- **Information supplied**
┏━━

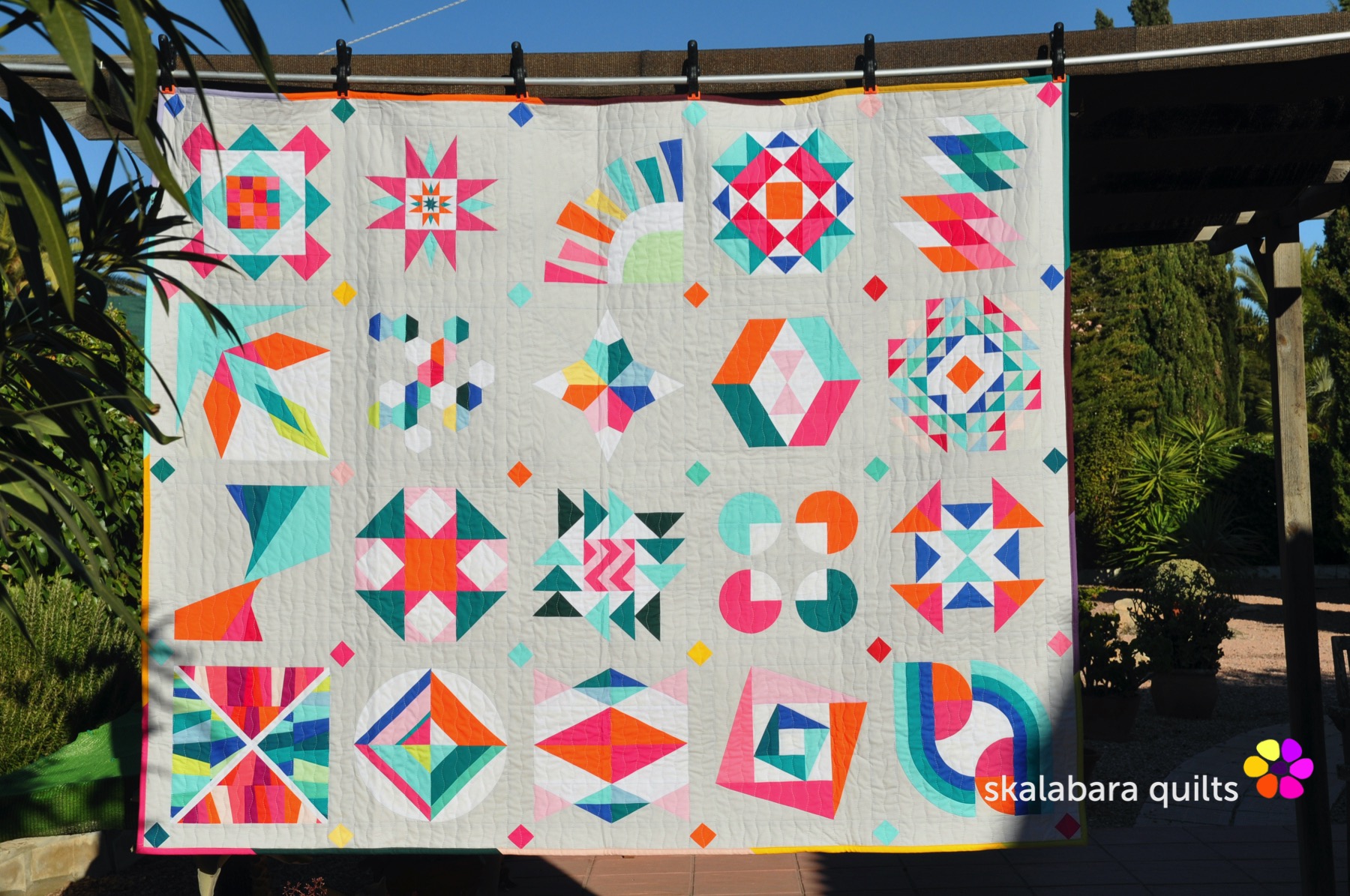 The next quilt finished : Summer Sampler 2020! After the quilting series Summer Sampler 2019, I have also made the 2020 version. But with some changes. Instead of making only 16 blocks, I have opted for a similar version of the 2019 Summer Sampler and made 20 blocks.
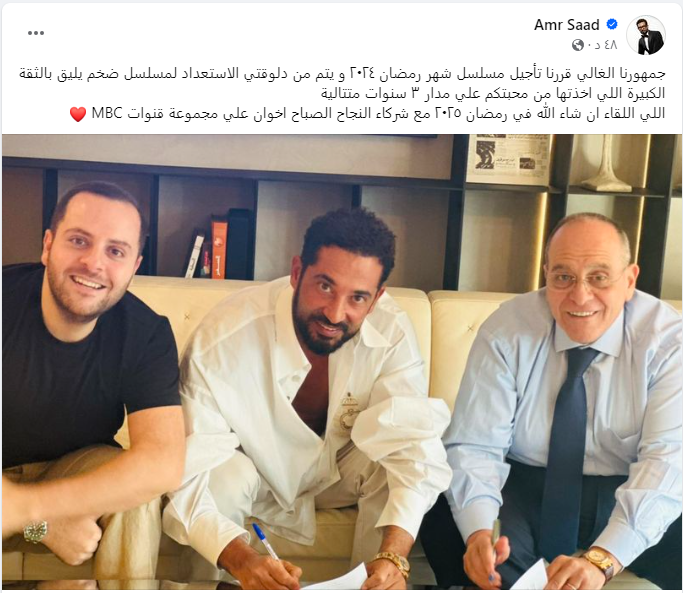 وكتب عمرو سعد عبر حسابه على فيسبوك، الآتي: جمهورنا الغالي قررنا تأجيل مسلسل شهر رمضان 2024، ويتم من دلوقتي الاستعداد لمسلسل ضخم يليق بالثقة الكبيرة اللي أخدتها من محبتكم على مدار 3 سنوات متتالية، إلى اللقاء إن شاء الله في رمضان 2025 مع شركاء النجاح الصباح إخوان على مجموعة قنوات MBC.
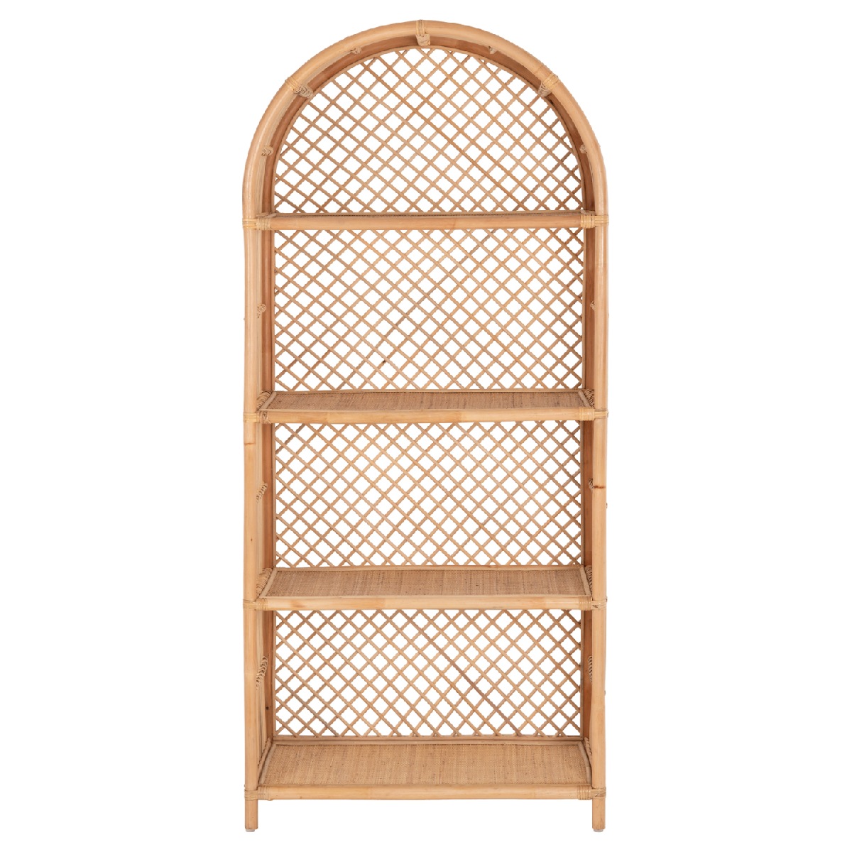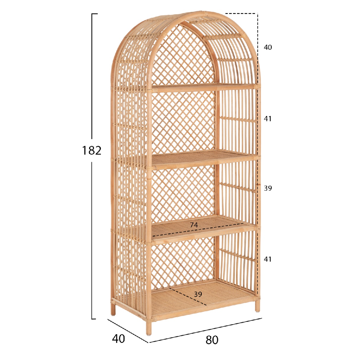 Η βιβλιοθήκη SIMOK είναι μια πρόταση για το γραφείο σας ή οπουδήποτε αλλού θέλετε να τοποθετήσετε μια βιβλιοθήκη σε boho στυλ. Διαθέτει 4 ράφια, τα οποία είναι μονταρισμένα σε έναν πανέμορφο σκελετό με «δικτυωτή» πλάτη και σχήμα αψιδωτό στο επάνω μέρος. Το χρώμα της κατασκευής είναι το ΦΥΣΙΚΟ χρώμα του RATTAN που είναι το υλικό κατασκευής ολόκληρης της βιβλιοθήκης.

┗━━

- **Problem**
To complete the exercise, return the listing above exactly and omit its pictures.

- **Solved problem**
 The next quilt finished : Summer Sampler 2020! After the quilting series Summer Sampler 2019, I have also made the 2020 version. But with some changes. Instead of making only 16 blocks, I have opted for a similar version of the 2019 Summer Sampler and made 20 blocks.
 وكتب عمرو سعد عبر حسابه على فيسبوك، الآتي: جمهورنا الغالي قررنا تأجيل مسلسل شهر رمضان 2024، ويتم من دلوقتي الاستعداد لمسلسل ضخم يليق بالثقة الكبيرة اللي أخدتها من محبتكم على مدار 3 سنوات متتالية، إلى اللقاء إن شاء الله في رمضان 2025 مع شركاء النجاح الصباح إخوان على مجموعة قنوات MBC.
 Η βιβλιοθήκη SIMOK είναι μια πρόταση για το γραφείο σας ή οπουδήποτε αλλού θέλετε να τοποθετήσετε μια βιβλιοθήκη σε boho στυλ. Διαθέτει 4 ράφια, τα οποία είναι μονταρισμένα σε έναν πανέμορφο σκελετό με «δικτυωτή» πλάτη και σχήμα αψιδωτό στο επάνω μέρος. Το χρώμα της κατασκευής είναι το ΦΥΣΙΚΟ χρώμα του RATTAN που είναι το υλικό κατασκευής ολόκληρης της βιβλιοθήκης.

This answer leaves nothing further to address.